Available records: Begin

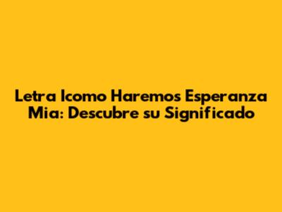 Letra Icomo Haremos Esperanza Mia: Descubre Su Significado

Available records: End
Available records: Begin

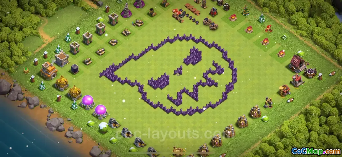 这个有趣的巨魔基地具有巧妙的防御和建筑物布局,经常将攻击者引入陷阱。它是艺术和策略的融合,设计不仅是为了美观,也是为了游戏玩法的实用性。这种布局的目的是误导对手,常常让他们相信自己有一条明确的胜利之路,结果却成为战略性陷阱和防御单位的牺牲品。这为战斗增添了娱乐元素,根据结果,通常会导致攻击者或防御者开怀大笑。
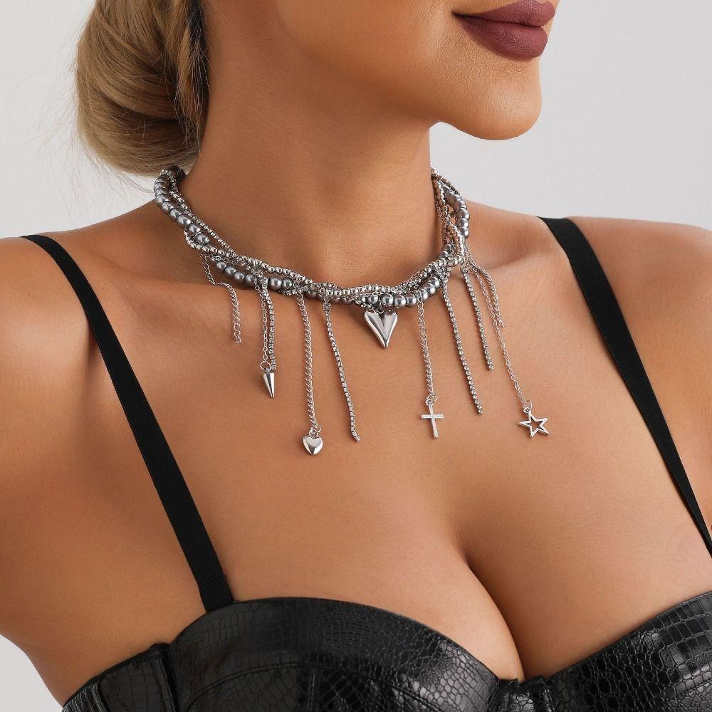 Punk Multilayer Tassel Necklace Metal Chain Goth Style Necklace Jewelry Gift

Available records: End
Available records: Begin

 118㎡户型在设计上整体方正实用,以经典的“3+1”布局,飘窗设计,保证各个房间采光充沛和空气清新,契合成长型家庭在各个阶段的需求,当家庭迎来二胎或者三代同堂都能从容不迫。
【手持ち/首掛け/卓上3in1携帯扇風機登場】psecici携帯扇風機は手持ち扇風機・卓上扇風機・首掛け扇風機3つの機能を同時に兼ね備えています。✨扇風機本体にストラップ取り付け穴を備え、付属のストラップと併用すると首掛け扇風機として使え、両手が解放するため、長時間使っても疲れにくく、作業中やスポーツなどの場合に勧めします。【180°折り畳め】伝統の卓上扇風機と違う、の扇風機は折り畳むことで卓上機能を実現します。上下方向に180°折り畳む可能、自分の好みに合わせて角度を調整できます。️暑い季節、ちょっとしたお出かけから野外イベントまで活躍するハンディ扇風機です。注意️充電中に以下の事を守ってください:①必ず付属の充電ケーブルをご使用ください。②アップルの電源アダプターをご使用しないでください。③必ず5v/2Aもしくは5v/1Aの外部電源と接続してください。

Available records: End

#### [Required action]
In the material above, the stretch from the line with "这个有趣的巨魔基地具有巧妙的" through the line with "Punk Multilayer Tassel" is to be given again exactly, minus the pictures.

#### [Task answer]
 这个有趣的巨魔基地具有巧妙的防御和建筑物布局,经常将攻击者引入陷阱。它是艺术和策略的融合,设计不仅是为了美观,也是为了游戏玩法的实用性。这种布局的目的是误导对手,常常让他们相信自己有一条明确的胜利之路,结果却成为战略性陷阱和防御单位的牺牲品。这为战斗增添了娱乐元素,根据结果,通常会导致攻击者或防御者开怀大笑。
 Punk Multilayer Tassel Necklace Metal Chain Goth Style Necklace Jewelry Gift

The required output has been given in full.